Long-standing US domestic and foreign policies, such as a commitment to free trade and membership of Nato, all face an overhaul.
But events have moved fast. Here’s how Mr Trump’s incoming presidency has already changed the world.
The final days of the Obama administration might have been very different, with the outgoing president handing over safe in the knowledge that his signature policies will be protected by another Democrat.
Instead, his administration has gone on the defensive, scrambling to protect his legacy, laying down what Mr Trump has called „roadblocks“.
There have been sanctions against Russians, a ban on offshore energy drilling, a refusal to veto a UN call to end Israeli settlements and a last-minute rush of deals with Cuba.
All of these conflict with pronouncements made by Mr Trump, and could at the very least make life more difficult for the president-elect.
What marks does Obama’s presidency deserve?
The campaign was dogged by baseless stories shared on social media, from a claim that actor Denzel Washington had endorsed Mr Trump (he didn’t) to the notorious „pizzagate“ conspiracy .
After criticism from users, arguably the key gatekeeper, Facebook, announced measures to tackle the problem of fake news.
The higher-than-high stakes election did more than anything to highlight the problem, and America was not the only country affected.
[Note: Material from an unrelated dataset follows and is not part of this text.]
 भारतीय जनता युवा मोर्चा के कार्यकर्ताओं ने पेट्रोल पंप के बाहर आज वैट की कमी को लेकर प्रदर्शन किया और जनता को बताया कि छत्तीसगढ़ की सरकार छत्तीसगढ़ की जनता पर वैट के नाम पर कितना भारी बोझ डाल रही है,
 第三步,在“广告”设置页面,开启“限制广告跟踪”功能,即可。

In Italy, for instance, there were concerns fake news had influenced last month’s constitutional referendum.
Social media giants face a tricky 2017, trying to balance the freedom enjoyed by their users with a new, unfamiliar role as arbiter-in-chief, perhaps assuming an even bigger role in our lives.
World stock markets have enjoyed a strong run since Mr Trump’s election, thanks, analysts say, to investors‘ belief he will boost infrastructure and cut taxes when in office.
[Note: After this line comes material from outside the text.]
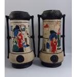 A pair of CYPLES OLD POTTERY Embosa ware vases (179 reg. no 748574) with geisha decoration, standing 28cm high approx, some small chips on both pieces

Mr Trump promised to be the „greatest jobs president that God ever created“ and has taken credit for a slew of company announcements.
But while the Donald may giveth, the Donald can also taketh away.
Companies, whole sectors even, have seen share prices rattled by Mr Trump, with some traders reportedly adapting their algorithms to respond instantly to his tweets.
Pharmaceutical firms, for instance, were hit during a press conference when Mr Trump said they were „getting away with murder“.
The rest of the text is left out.